Now follow the instructions below:

Data Tab

  • Change the 'Output' directory name to be something different, for example 'GroupAnalysis1_Ftest'

Tests Tab

Stats Tab

  • Click on the 'Full model setup' button and select the 'Contrasts and F-tests' tab

  • Change the number of 'F-tests' from 0 to 1. When you do this, the interface will update and a check box will appear on the right hand side of the group mean contrast. Select the check box (toggle it from off to on).

  • Click the 'Done' button, check and dismiss the pop-up window and press the 'Go' button

Tests GLM

Differences between t-test and F-test images

Once it has run inspect the resulting output in a browser. How does the rendered stats image for the F-test (the zfstat image) differ from the t-stat image? Why are they different?

Extracting information from Regions of Interest (ROIs) using FEATquery

FEATquery is an FSL tool which allows you to explore FEAT results by extracting information from regions of interests within specific (MNI) coordinates or using a mask.

In the examples below we will get basic stats from two pre-prepared Regions of Interest (ROIs) using the first level models that you have run. You can also make your own ROIs using FSLeyes (you should remember how to create ROI masks from previous workshops).

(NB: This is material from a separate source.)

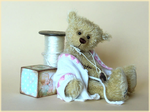 Ich bin ca. 17 cm groß und aus hellblondem sparse Mohair handgenäht. Am liebsten trage ich mein creme/rosafarbenes Jäckchen, das mir noch etwas zu groß ist, und einen nostalgischen Papieranhänger.
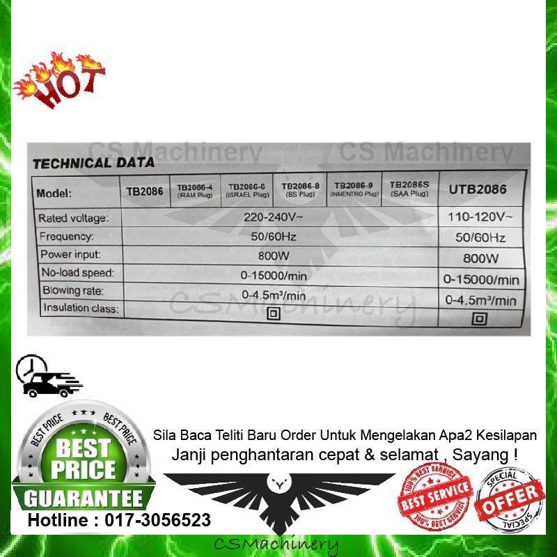 Total TB2086 Blower 800W ( 2 in 1 Blower & Vacuum )

To start FEATquery, you need to load FSL (see previous workshops), and either - in a terminal - type Featquery & or on the FSL GUI click the button on the bottom right labelled 'Misc' and select the menu option 'Featquery'.

In any case, when FEATQuery is open, following the instructions below:

FEATquery

Input FEAT directories

  • Keep the 'Number of Feat Directories' set to 1.
  • Click the 'Select' button next to it and choose one of your first-level analysis .feat directories (e.g. /rds/projects/c/chechlmy-chbh-mricn/xxx/feat/1/p01_s1.feat) and then click the 'OK' button

Stats images of interest

Once you have done that the GUI interface will update and you will see a list of possible statistics.

  • Click the checkbox next to stats/cope 1 and stats/zstat 1 (and any others you would like to see summarised).

Input ROI selection

For the 'Mask image' entry select either one of the prepared masks.

Either:

/rds/projects/c/chechlmy-chbh-mricn/module_data/masks/V1.nii.gz

or

/rds/projects/c/chechlmy-chbh-mricn/module_data/masks/Parietal.nii.gz

Output options

  • Click the checkbox next to 'Convert PE/Cope values to %'
  • Make sure the check box next to 'Popup results in web browser' is checked on
  • Change the 'Featquery output directory name' from the default to something meaningful and related to the mask name e.g. 'V1'

When ready, click the 'Go' button!

Examining the FEATquery output

Inspect the results by opening report.html inside the 'V1' folder. Do they make sense?